La fondation Bill & Melinda Gates annonce 133 millions de dollars de don
mars 26, 2009, 3:56
Filed under: dons, entrepreneuriat social

 

A l’occasion de la Journée mondiale de la tuberculose le 24 mars dernier, la Fondation Bill & Melinda Gates a annoncé une série de subventions dans le domaine la santé, conçues pour accroître l’accès aux progrès de la médecine, particulièrement des femmes et des enfants vivant dans les pays en développement.
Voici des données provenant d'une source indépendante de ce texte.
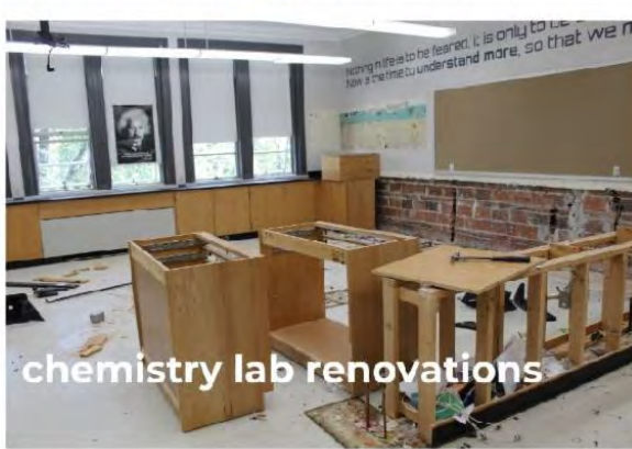
chemistry lab renovations

Les subventions totalisant plus de 133 millions $ profiteront aux groupes les plus vulnérables du monde, notamment, aux enfants, aux réfugiés, aux femmes enceintes et aux femmes. Les membres de ces groupes représentent une proportion croissante du nombre de personnes malades à l’échelle de la planète.

«Les progrès de la médecine, associés à une meilleure alimentation et à un accès élargi aux vaccins qui peuvent sauver la vie, ont prolongé et amélioré la vie des résidents des Etats-Unis et d’autres pays du monde», a déclaré Patty Stonesifer, co-présidente du conseil et présidente de la Fondation Bill & Melinda Gates. «En même temps, l’écart troublant entre l’état de santé des riches et des pauvres du globe ne cesse d’augmenter. Le programme de la Fondation pour la santé globale (Global Health Program) s’est donné comme objectif d’éliminer cet écart et d’améliorer la santé des femmes et des enfants.»

«La tuberculose devient encore plus mortelle parce que de nombreuses souches ont acquis une tolérance à la majorité, voire à la totalité, des traitements médicamenteux actuels», a affirmé le Dr Gordon W. Perkin, directeur du programme de la Fondation pour la santé globale. «L’alliance globale pour la mise au point d’un médicament contre la tuberculose (Global Alliance for Tuberculosis Drug Development) offre à la communauté mondiale l’espoir de réussir à éradiquer cette menace croissante pour la santé publique.»

Les dons se répartissent comme suit :

Global Alliance for Tuberculosis Drug Development — 25 millions $

Cette alliance nouvellement créée a reçu une subvention de 25 millions $. Cette somme appuiera la mise au point de nouveaux agents thérapeutiques et fournira des ressources qui démontreront l’efficacité des médicaments lors d’études cliniques. L’alliance comprendra des fondations, des sociétés pharmaceutiques et des organismes internationaux qui sont à la recherche de nouveaux traitements efficaces contre la tuberculose.

Save the Children — 50 millions $

Save the Children, un des organismes privés à but non lucratif voués au développement et au soutien des enfants les plus importants du monde, a reçu une subvention quinquennale de 50 millions $ pour aider à sauver la vie des nouveau-nés partout dans le monde. La subvention appuiera une initiative mondiale appelée Saving Newborn Lives destinée à rehausser l’accès à des technologies peu coûteuses en vue de réduire sensiblement les décès de nouveau-nés qui atteignent, selon les estimations, 5,4 millions chaque année. La subvention accordée par la Fondation représente le don privé le plus élevé que l’organisme Save the Children ait reçu depuis sa création il y a 68 ans.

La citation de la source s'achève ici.